## What is expected
Only the lines below from the one that contains "Consultez la section" through the one that contains "(Fiscaal). Belastingzegels CVV" should appear in your answer, exact and without pictures.
━━━ The data
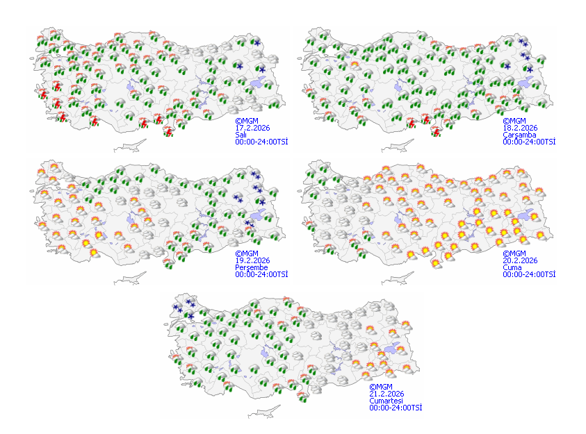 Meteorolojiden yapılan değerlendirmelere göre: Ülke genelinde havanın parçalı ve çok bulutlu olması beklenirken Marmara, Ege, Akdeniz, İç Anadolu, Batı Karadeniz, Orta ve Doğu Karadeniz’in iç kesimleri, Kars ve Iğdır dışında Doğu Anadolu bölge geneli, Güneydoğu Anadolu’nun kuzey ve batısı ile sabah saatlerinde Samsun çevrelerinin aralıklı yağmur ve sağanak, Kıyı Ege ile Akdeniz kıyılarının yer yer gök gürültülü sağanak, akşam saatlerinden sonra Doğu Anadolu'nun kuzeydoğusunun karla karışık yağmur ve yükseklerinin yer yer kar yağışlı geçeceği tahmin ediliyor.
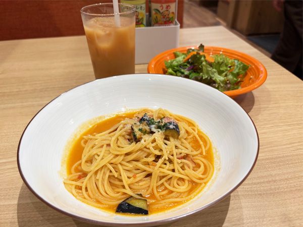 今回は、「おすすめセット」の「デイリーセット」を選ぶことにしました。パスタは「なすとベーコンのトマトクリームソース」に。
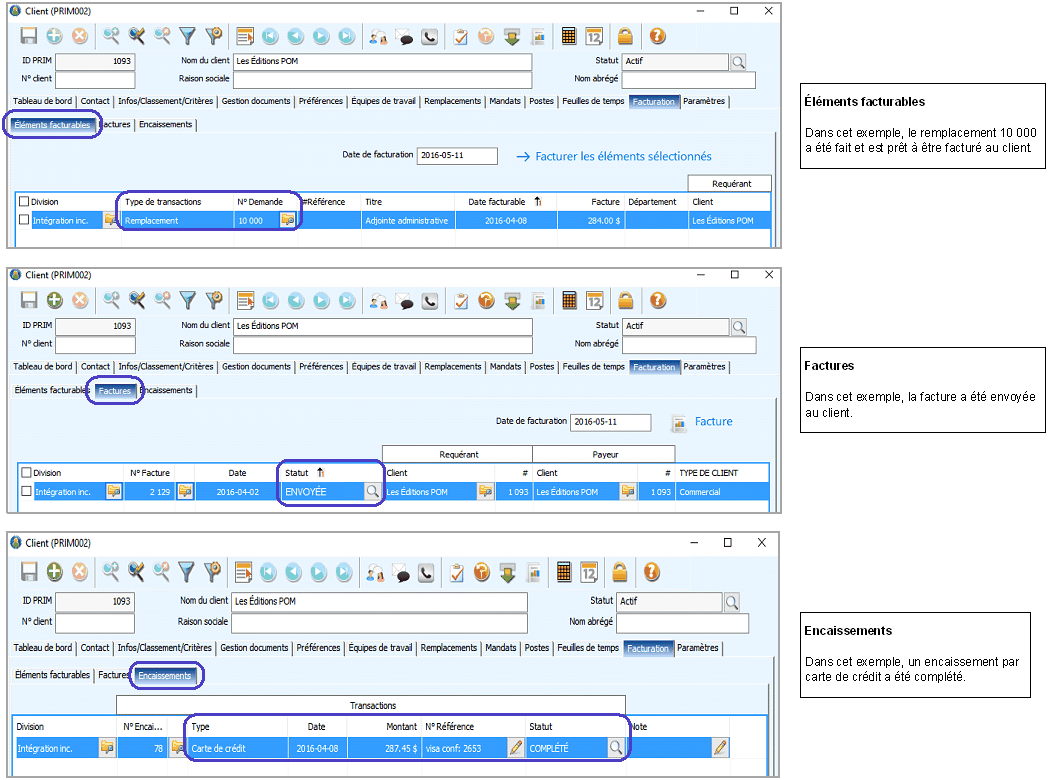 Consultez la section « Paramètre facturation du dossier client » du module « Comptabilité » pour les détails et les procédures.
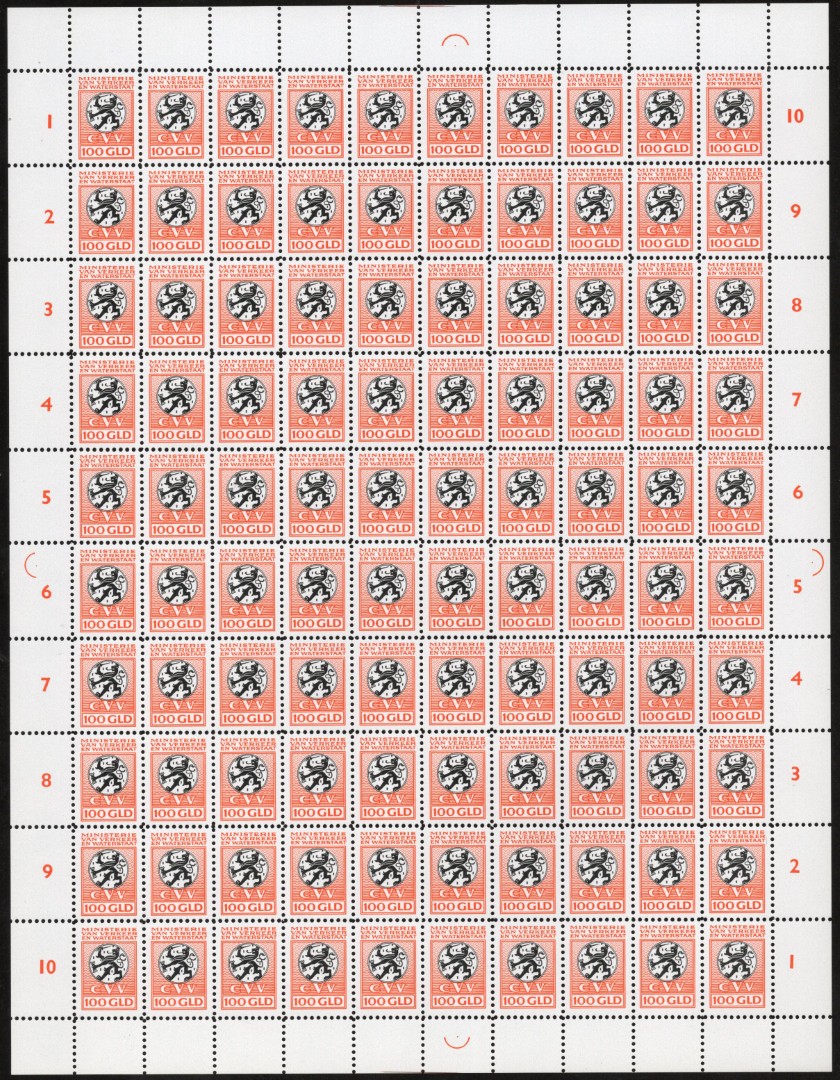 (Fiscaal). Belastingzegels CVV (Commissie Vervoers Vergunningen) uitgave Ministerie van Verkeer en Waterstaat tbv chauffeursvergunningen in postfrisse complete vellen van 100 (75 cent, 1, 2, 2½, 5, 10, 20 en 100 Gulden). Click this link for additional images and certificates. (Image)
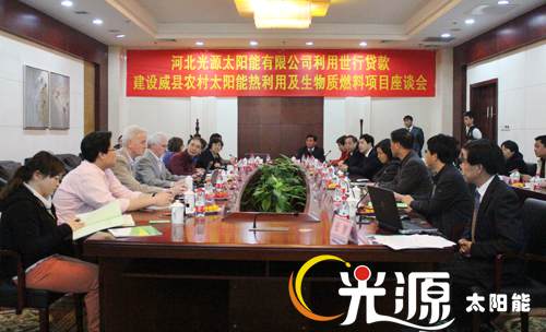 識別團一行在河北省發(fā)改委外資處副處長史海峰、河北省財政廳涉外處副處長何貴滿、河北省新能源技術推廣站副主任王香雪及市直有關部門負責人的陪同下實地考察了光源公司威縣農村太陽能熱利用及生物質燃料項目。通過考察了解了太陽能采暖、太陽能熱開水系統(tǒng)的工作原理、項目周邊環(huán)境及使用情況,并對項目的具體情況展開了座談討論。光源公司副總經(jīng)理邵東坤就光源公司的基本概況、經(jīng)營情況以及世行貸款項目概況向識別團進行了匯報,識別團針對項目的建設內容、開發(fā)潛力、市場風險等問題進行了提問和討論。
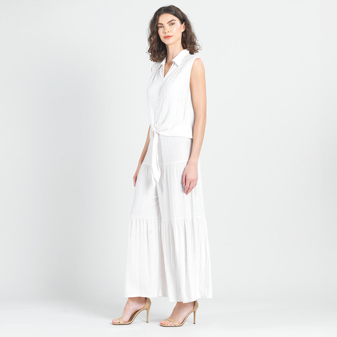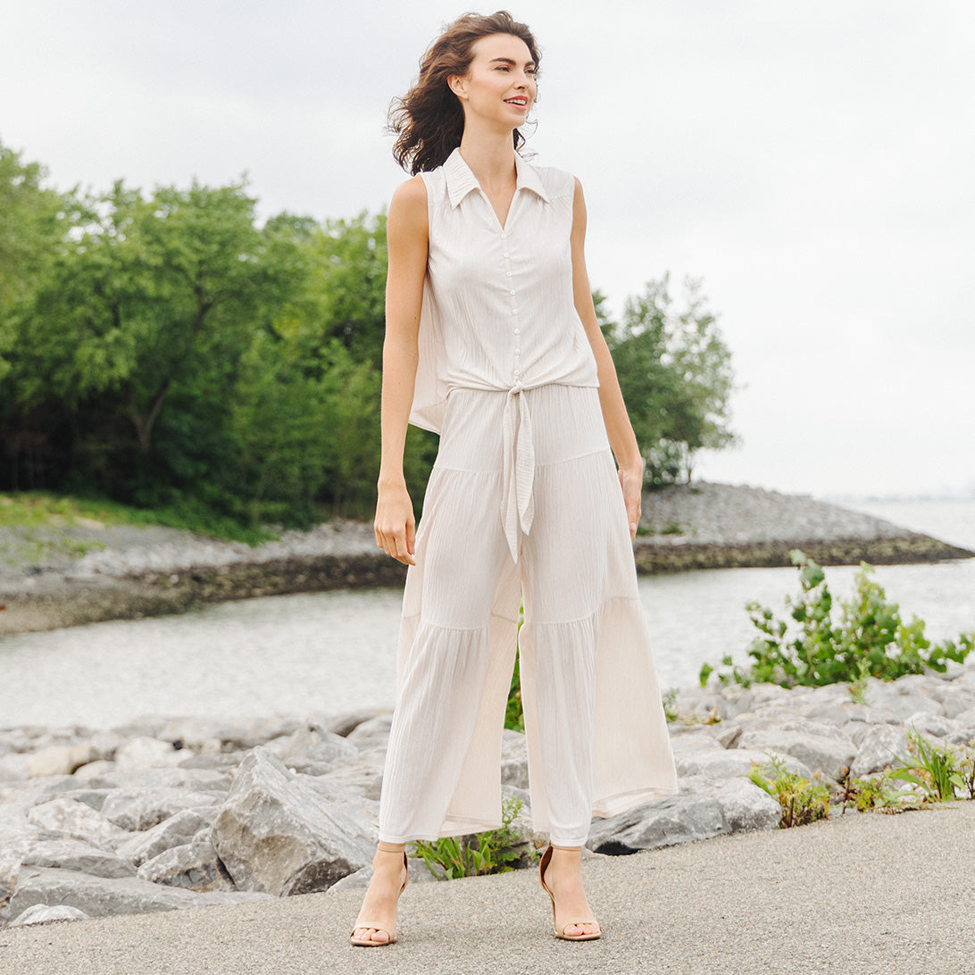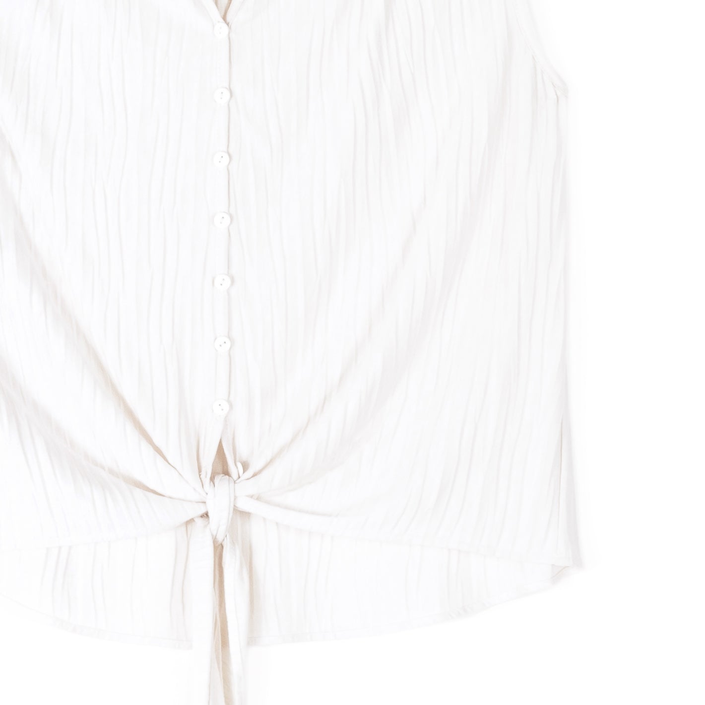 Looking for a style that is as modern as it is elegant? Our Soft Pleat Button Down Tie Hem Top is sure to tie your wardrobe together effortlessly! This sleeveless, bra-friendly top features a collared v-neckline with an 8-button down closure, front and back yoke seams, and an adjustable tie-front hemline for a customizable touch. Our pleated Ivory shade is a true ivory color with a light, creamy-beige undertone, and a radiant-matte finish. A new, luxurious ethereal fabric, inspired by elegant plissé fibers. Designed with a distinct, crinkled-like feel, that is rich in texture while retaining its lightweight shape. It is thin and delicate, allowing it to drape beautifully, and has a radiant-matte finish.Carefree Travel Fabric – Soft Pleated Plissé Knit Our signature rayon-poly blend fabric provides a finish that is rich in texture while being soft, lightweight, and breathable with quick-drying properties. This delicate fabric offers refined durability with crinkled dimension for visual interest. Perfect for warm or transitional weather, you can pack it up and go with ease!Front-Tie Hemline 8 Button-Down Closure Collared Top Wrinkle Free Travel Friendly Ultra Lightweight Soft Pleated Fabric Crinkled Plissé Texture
━━━━━━
## Output of the exercise
 Consultez la section « Paramètre facturation du dossier client » du module « Comptabilité » pour les détails et les procédures.
 (Fiscaal). Belastingzegels CVV (Commissie Vervoers Vergunningen) uitgave Ministerie van Verkeer en Waterstaat tbv chauffeursvergunningen in postfrisse complete vellen van 100 (75 cent, 1, 2, 2½, 5, 10, 20 en 100 Gulden). Click this link for additional images and certificates. (Image)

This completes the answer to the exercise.